RANTAI MSC #12
Kumpulan Rangkaian Cerita Islami (RANTAI) MSC LDK KMA
___
Langit mendung. Membuat suasana gelap. Awan hitam segera menggumpal. Pertanda langit akan memuntahkan isinya. Membasahi bumi. Tepat ketika suara guntur menggelegar, satu tetes air hujan turun ke bumi disusul ribuan tetes lainnya weolah berlomba siapa tercepat sampai ke tanah. Arai duduk termenung di pelataran rumah. Kepalanya mendongak menatap langit. Petir menyambar membuat gumpalan awan hitam menjadi bercahaya. Hujan menderas. Guntur bergemuruh lebih keras memekakan telinga. Suasana hujan sore ini begitu kelam. Pandangannya teralih menatap jalanan basah. Sungguh, sore ini hatinya sedang resah. Gundah tanpa arah. Otaknya berputar lebih cepat dari biasanya. Memikirkam sesuatu. Sesuatu yang amat penting.

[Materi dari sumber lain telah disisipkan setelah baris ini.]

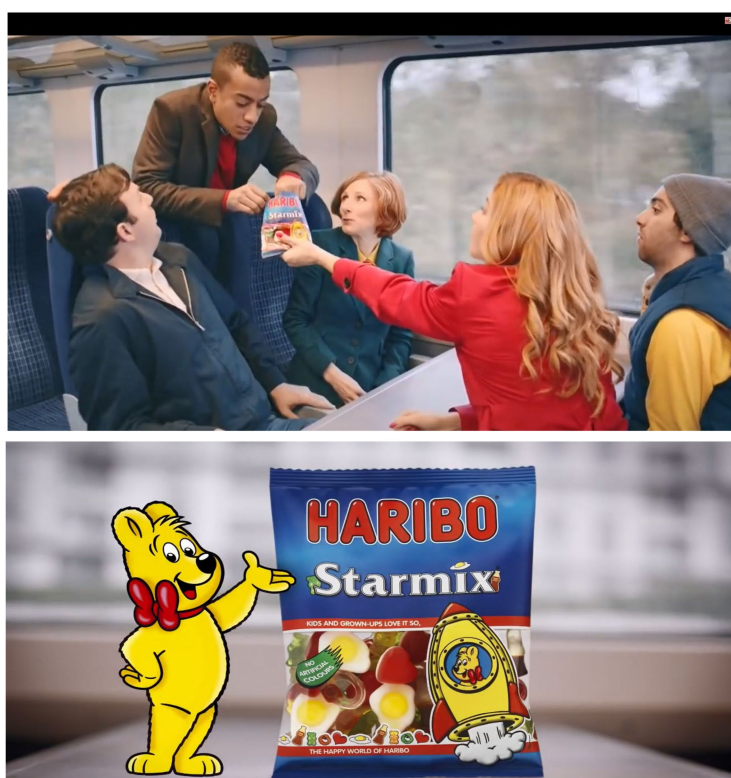
Figure 2. Still images from Haribo's train advert (from https://www.youtube.com/watch?v=dSbJWsIScUE ).

The second advert, from Haribo and lasting 30 s, represented a confectionery (sweets) brand that is affordable with 'pocket money'. The advert is set on a busy commuter train, typical of the UK. The advert depicts a group of adults sat around a table on the train, with a bag of Haribo Starmix in the middle (Figure 2) [43]. There is a mixture of ages, genders, and ethnicities, all of whom are adults. All characters appear to be actors, rather than real-world celebrities. As they share sweets from the packet, the actors' voices have been replaced with the voices of children saying what their favorite Haribo sweets are and why (e.g., "The egg is good, it's all squidgy and soft"). The advert ends with the iconic Haribo jingle, "Kids and grown-ups love it so, in the happy world of Haribo". With the exception of the jingle, there is no accompanying music, and the advert only features the ambient noise of train travel.
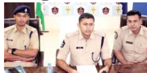
ment of static check-posts, dynamic vehicle checks, and the strategic deployment of advanced technologies such as drones and sniffer dogs.
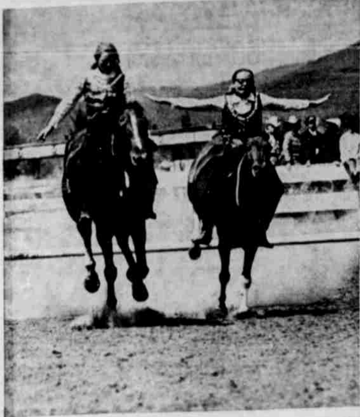
SHOWN HERE ARE several performing members of the Blue Sage Riders of Union, Ore. These lassies are to appear during the Morrow County Fair and Rodeo here.
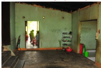
Before – the dining area. Dark and gloomy
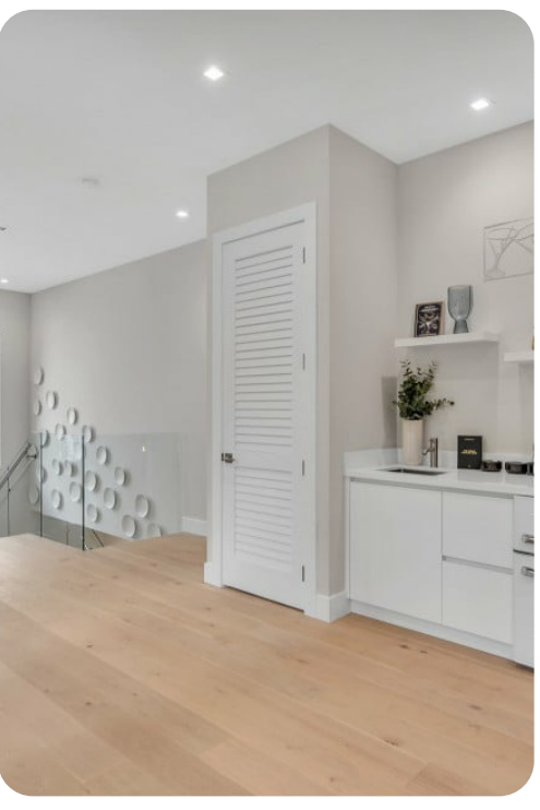
Miami 110 | Page 6 of 8
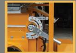
Feed Spreader Flap: Ensures a continuous even flow of feed.

The Wakely Crimper can be filled with a front-end loader or loading shovel. The crushed grain from this Mill is removed from underneath the machine using a combination of a U Trough Auger mounted underneath the Mill, this moves the crushed grain from underneath the Mill to the bottom of the Elevator. The grain is then elevated to approx. 4 meters high and can then be fed into a trailer or Silo. The rolls are mounted on high quality 70mm double roll spherical roller bearings in a plummer block unit. Discharge Auger driven by belt and pulleys.

Hujan mereda. Menyisakan rintik-rintik kecil. Udara lembab dan dingin. Arai memutuskan keluar rumah. Berjalan menyusuri desa. Desa ini indah sekali. Jika dilihat dari atas bak bunga bougenville. Pohon-pohon tumbuh rindang di sekelilingnya. Namun, ada satu hal yang membuat desa ini tidak sempurna indahnya. Orang-orang di desa ini benar-benar jauh dari agama. Bahkan mereka tidak tahu sama sekali. Wajar saja jika desa ini marak sekali perjudian, pesta miras, dan seabrek perilaku negatif lainnya. Itulah sebabnya hati arai selalu resah. Selalu berfikir bagaimana mengubah desanya itu.
Lima belas menit melesat. Hujan sudah sempurna reda. Mentari beranjak tenggelam di kaki cakrawala. Menimbulkan siluet yang sangat mempesona.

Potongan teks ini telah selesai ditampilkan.